I really appreciate all the advice. I am sorting it out and plan to go to Lowes tomorrow. I have 2 hives and they have a shed behind them, trees to the left of them and across the yard tall pines so they are pretty protected by the wind. I added an upper entrance recently and wrapped my fence the hives are in. I have Warre hives so I have a quilt box and also added mouse guards. I had purchased Styrofoam but sorely miscalculated on the sheet for my cuts. Apparently my measuring skills are not up to par so I am thinking tar paper but have never used it. Would love some information on how to wrap the hives. Jadbees or anyone else who has done that. 
Maddy I love that you named your bees. From what I have learned if the bees are healthy going into winter they will not die from the cold. I also wondered if you made it so warm inside the hive that they ate through all the honey early. Were the bees in the comb with their butts sticking out? A sign of starvation. One inch thickness is standard in hives. I would consider this winter limiting what all you do to keep them warm. Maybe just wrap them. Would love to hear others opinions too. Praying all your Bea's make it safely through winter


----------



## Maddy

No, Suzy, they were all dead on the bottom of the hive, and the combs were all empty. 
It was the saddest thing I had ever seen, and very discouraging. But we had a swarm appear 3 days prior, the first of 3, and so Life goes on.
~M


----------



## WWW

suzyq said:


> Would love to hear others opinions too. Praying all your Bea's make it safely through winter


Suzyq, yes one can keep a hive too warm inside resulting in negative effects, if I were to use Bee Cozy for wraps my hives would be much too warm however in colder climates further North the Bee Cozy wraps work great.

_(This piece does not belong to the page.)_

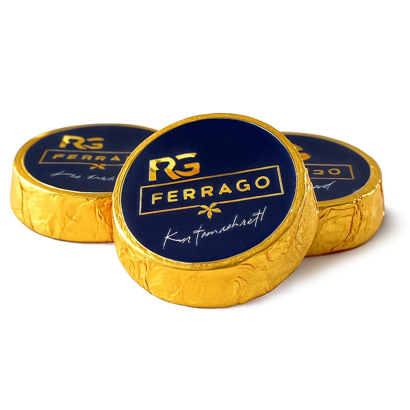 Rund chokladbit med guldfolie. Trycket sker på en etikett som placeras på ovansidan. Chokladbiten har 50% kakaohalt och håller hög kvalitet.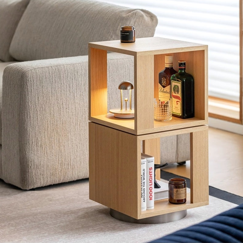 この回転式サイドテーブルは、モダンで洗練されたデザインが特徴です。北米産のホワイトオークを使用し、自然な木目の美しさを引き出しています。360度回転することで、使いやすさと機能性を兼ね備えています。天然木合板とステンレス製のベースを使用し、耐久性と安定感に優れています。リビングやベッドサイドなど、様々なシーンで活用でき、組み立て不要で届いたその日からすぐに使用可能です。あなたの空間をよりスタイリッシュに演出します。

For my hives I place Styrofoam under the outer top cover to help prevent condensation above the colony and use a shim filled with wood chips below the inner cover, this shim has a 3/4" hole drilled through the front for ventilation.

The wraps are then tied on with cheap dollar store string and the entrance is screened with 1/2" x 1/2" hardware cloth, I also place a cover over the landing board area to prevent snow build up from blocking the smaller reduced entrance.

With a full deep of honey in the top box the bees are ready for winter, I start keeping a closer eye on the hives beginning January and if I see a good amount of bees above the top frames I will add a sugar brick to that hive for insurance as mgoldened mentioned .


----------



## jadebees

Suzyq, the technique for tar paper wrapping that I do is very basic. Remember, you have to get it off when days are warmer, and it always annoys the bees. So, suit up, the bees are not impressed with our efforts on their behalf. Be careful, its easy to mis align the boxes if pushing..I roll about 5 to 6 feet off the roll of paper. Stand it next to the hive and cut off to the quilt or box top height. Loosely center your piece on the front, right to the ground, and cut an opening for the entry. Put a few staples around the entry. Let the landing board stick out ,and just wrap it around the whole box hive stapling the back overlap. Be careful to leave the entry open, and place the roof back on. The top is open. Not too many staples, you need to reverse the procedure in 3 - 4 months at most. Thats it, you can trim the base, but I like to leave it ground level, as it is a wind break for under the floor. You can place mouse guards or entry reducers. Foam or other insulation, or feeders/ shims/sugar blocks can still be used. I use a Lang style inner cover in winter, right over the topbars. With that, & foam the quilt is not needed here in winter. But its dry here a lot in winter. And cold, 6800 ft. elevation.


----------



## suzyq

Maddy I lost my first year hive at the tail end of winter and because of that am trying a few different things this winter. Got to keep learning.  Put my tar paper on yesterday but used tac pins and push pins instead of staples. Figure it will be easier to remove. Used Styrofoam last year and it was a pain. Thanks for all the good advice. Really appreciate it.


----------



## aunt betty

Langstroth hives are roughly 20 x 16. (inches)
20+20+16+16=72
I cut my pieces 75 inches long and have a tad extra. The extra is helpful when there are exterior handles screwed on. 
The material I use is called Reflectix. Comes in 25 or 100' rolls. Do some math and you'll see that 75" works out where there is zero waste. Good luck with your wintering hives.


----------



## Joel

If you don't have electric on the fence with Bacon as yet, now is the time. Although bears are headed in for the winter at this point, with the prediction of a warm winter, they may linger or get an early start in February when a bear fence is the farthest thing from your mind. Don't need anything fancy, we run 2 wires (actually the plastic yellow and white stuff) at 8" and 18 " on fiberglass posts, muslin dipped in bacon grease, one on each side and yellow jacket chargers.


----------